* [Data shown]
• • •

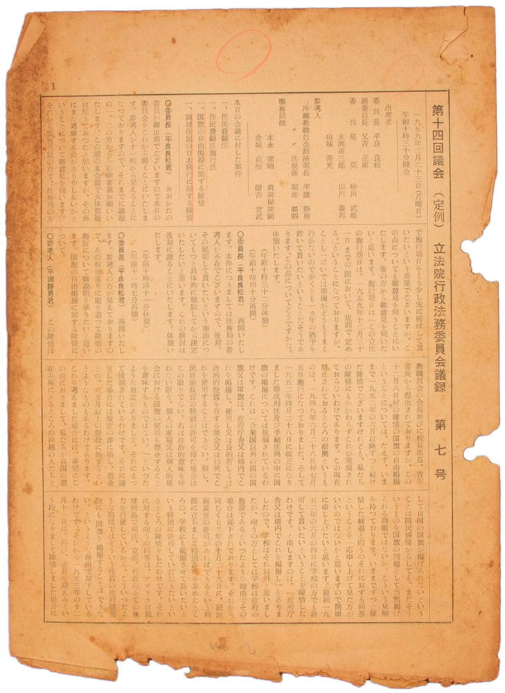 > 第十四回 議会(定例)立法院行政法務委員会議録 第七号
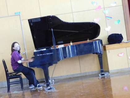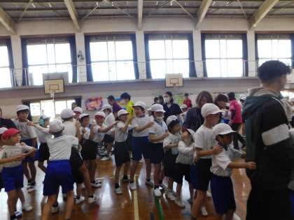 「♪かも〜つれっしゃ〜 しゅっしゅっしゅ〜」の音楽に合わせて、体育館を歩き、最後に出会った人とじゃんけんをしました。10校の校長先生や育成学級の友達と楽しくじゃんけんをして、最後には約100人がつながった列車が完成しました。
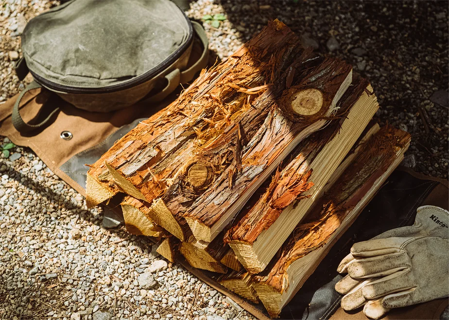 くまはぎの薪は、針葉樹であるスギの木を使用しているため、燃えやすく焚きつけに最適です。
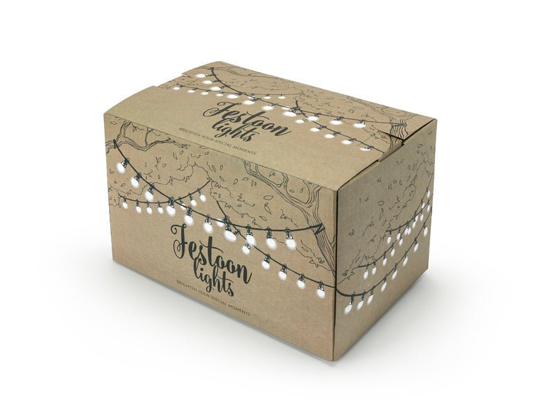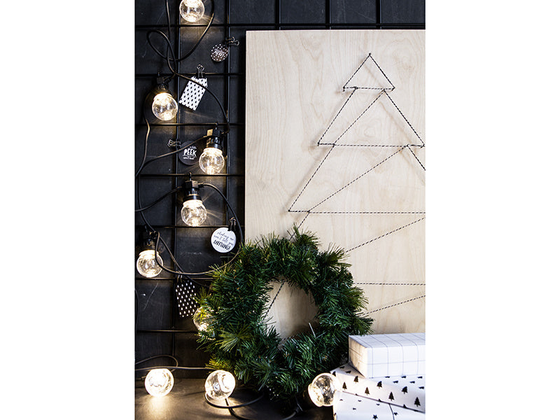 Festoni a LED, trasparenti su filo nero, lunghezza del filo con le luci circa 5 metri, filo aggiuntivo circa 3 metri, 10 luci rotonde, colore della luce bianco caldo. Adatto sia per l'interno che per l'esterno. Le luci non possono essere collegate ai set di luci. Non include la spina UK.

• • •

* [Exercise]
A faithful copy of the data above is wanted, with every image left out.

* [Task response]
 > 第十四回 議会(定例)立法院行政法務委員会議録 第七号
 「♪かも〜つれっしゃ〜 しゅっしゅっしゅ〜」の音楽に合わせて、体育館を歩き、最後に出会った人とじゃんけんをしました。10校の校長先生や育成学級の友達と楽しくじゃんけんをして、最後には約100人がつながった列車が完成しました。
 くまはぎの薪は、針葉樹であるスギの木を使用しているため、燃えやすく焚きつけに最適です。
 Festoni a LED, trasparenti su filo nero, lunghezza del filo con le luci circa 5 metri, filo aggiuntivo circa 3 metri, 10 luci rotonde, colore della luce bianco caldo. Adatto sia per l'interno che per l'esterno. Le luci non possono essere collegate ai set di luci. Non include la spina UK.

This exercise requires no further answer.